The strong side linebacker has a different job. He needs to be able to be strong enough to take on a blocker as well as quick enough to drop back into coverage.

Finally your inside linebackers need to be quick enough to get side to side in a hurry, though if the front linemen are doing their job it's an easier transition for them.

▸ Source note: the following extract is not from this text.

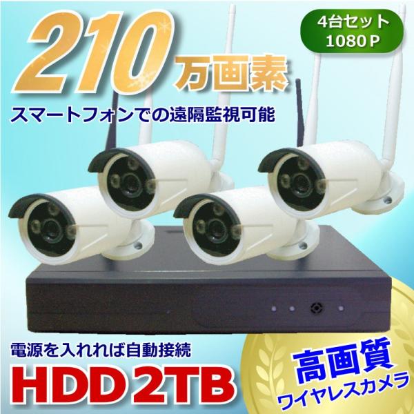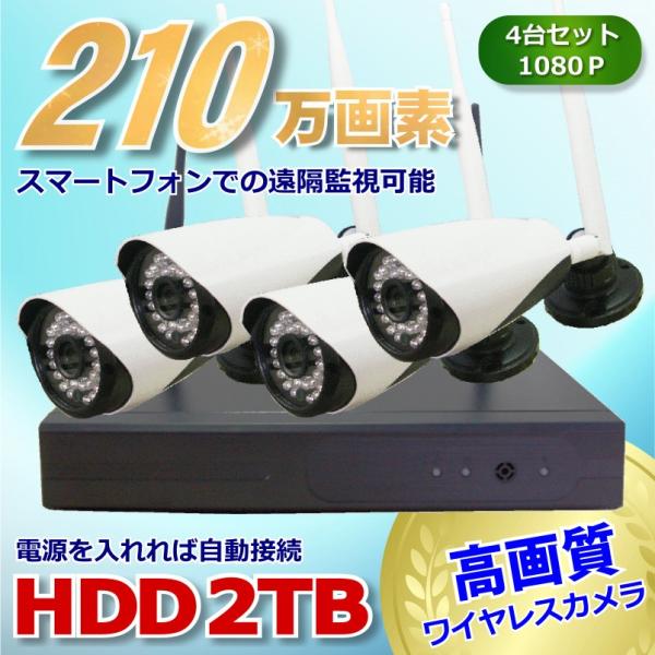 防犯カメラ 監視カメラ4台セット ワイヤレス 210万画素 HDD 2TB 4ch レコーダー HDハイビジョン 無線 1080P 屋外 屋内 スマホ 録画機能付き

Very few teams run a 3-4 all the time, because it's difficult to get pressure on the QB in a passing situation (in fact that's one of the major weaknesses of a 3-4). To rectify this problem Dick LeBeau invented the zone blitz. Basically you have your three down linemen rushing the QB, and then one of your outside linebackers also rushes the QB. The rest of the linebackers fill the gaps in the secondary with help from the safeties and do so in zone coverage, rather than man to man. The cornerbacks will still generally play man coverage. On almost every play at least one of the linebackers is rushing the quarterback, sometimes two or three.

A big disadvantage of this scheme is that it leaves you vulnerable across the middle to seam routes from tight ends (Owen Daniels anyone?) as well a vulnerable to the screen since one of your OLB is caught up in rushing the passer.

So with that little review why all the issues last year ? Simple put the DL did not tie up blockers consistently and allow the LB to make plays.

AJ Hawk stated this week " “Watching film I felt like I got stuck on blocks a little too much,” Hawk said Thursday after the team’s mandatory minicamp concluded. “When I was able to blitz, a lot of times I’m blitzing up the middle or going against a center or a guard, and I feel like I got Velcroed or stuck to them a little too much. So I’ve focused on working on my hands and getting off (blocks) and get to the ball more.”

He should not have to worry about shedding blockers ? The staff MUST get our backers free of the OL and making plays. Keep an eye on our DE/NT early in pre season to see how they engage the OL and if our LB are flowing more freely to the ball.

If the DL improves so will this defense.